The Big Four consultancy selling AI adoption just got caught using AI that made up its own success stories.

The Summary

The Signal

KPMG's report on AI benefits contained hallucinated case studies that fabricated specific examples of AI adoption. The report claimed UBS had implemented certain AI integrations and cited transit system deployments that never occurred. These weren't minor errors or misattributions. They were complete fabrications generated by the AI tools KPMG used to produce the report itself.

UBS issued a denial of the claims made about their AI implementation, leaving KPMG in the uncomfortable position of having to admit their AI-generated content wasn't fact-checked. A consultancy that advises Fortune 500 companies on AI strategy just published AI-generated fiction about AI success stories.

"AI's efficiency gains are undeniable, but the risk of unverified outputs necessitates robust governance to prevent costly errors and maintain trust."

The irony cuts deep. KPMG sells AI transformation. They counsel boards on AI governance frameworks. They audit AI implementations. And they just demonstrated exactly what happens when you skip the verification step: your AI tells you what you want to hear, and you publish it as fact.

Here's what this incident reveals about the current state of enterprise AI:

  • Speed-to-publish beats accuracy-of-claims at firms with reputational capital to burn
  • Even sophisticated users confuse AI fluency with AI accuracy
  • The consulting model (bill for insights, not fact-checking) collides with AI's tendency to confidently bullshit

The impact on investor trust and market dynamics extends beyond KPMG's embarrassment. If reports from major consultancies contain unverified AI outputs, what else in the information supply chain is synthetic? Which analyst reports are citing hallucinated data? Which due diligence memos are built on made-up case studies?

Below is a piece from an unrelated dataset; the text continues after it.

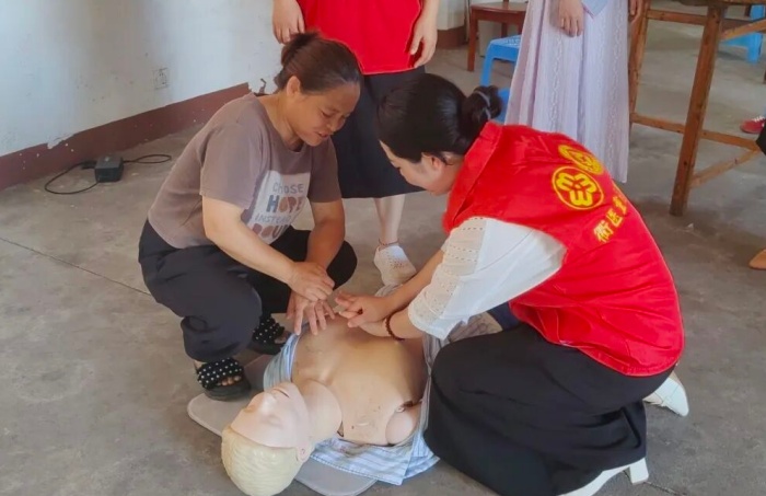 活動首站設(shè)在下方村黨群服務(wù)中心。針對農(nóng)村地區(qū)急救知識普及不足的情況,黨支部黨員骨干以“理論講解+實操演示”的形式,重點講解了心肺復(fù)蘇急救技能。黨員們現(xiàn)場使用模擬人示范操作步驟,手把手指導(dǎo)村民練習(xí)心肺復(fù)蘇,糾正不規(guī)范操作,確保村民能初步掌握“救命技能”。同時,圍繞高血壓、糖尿病等農(nóng)村高發(fā)慢性病,黨員們通過發(fā)放健康手冊、一對一答疑等方式,講解疾病預(yù)防、 用藥規(guī)范及日常護(hù)理要點,幫助村民建立科學(xué)的健康管理意識。
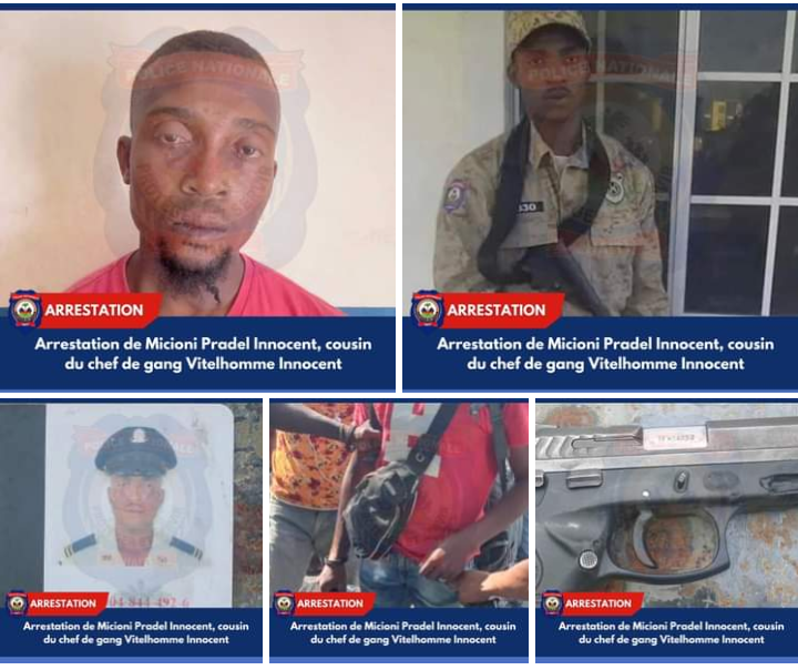 Le policier Micioni Pradel Innocent, cousin du chef de gang Vitel’Homme Innocent a été appréhendé vendredi 10 mars 2023 à Léogâne pour son affiliation au gang, a informé la police sur sa page Facebook.

This isn't a bug in the AI. It's a bug in the process. The tools work exactly as designed: they generate plausible-sounding text based on patterns. The risk comes from treating that output as verified truth without the human-in-the-loop step that checks claims against reality.

The Implication

Every firm rushing to "leverage AI" for content production just got a playbook for what not to do. The solution isn't to stop using AI for research and writing. It's to build verification layers that match the velocity of AI output. That means source-linking every factual claim, maintaining audit trails for AI-generated sections, and assuming every AI output is directionally useful but factually suspect until proven otherwise.

For anyone building in the agent economy: this is your moat opportunity. The firms that solve AI verification, that build trust layers for synthetic content, that create attestation systems for AI-generated work—those are the infrastructure plays that matter. KPMG just showed why the market needs them.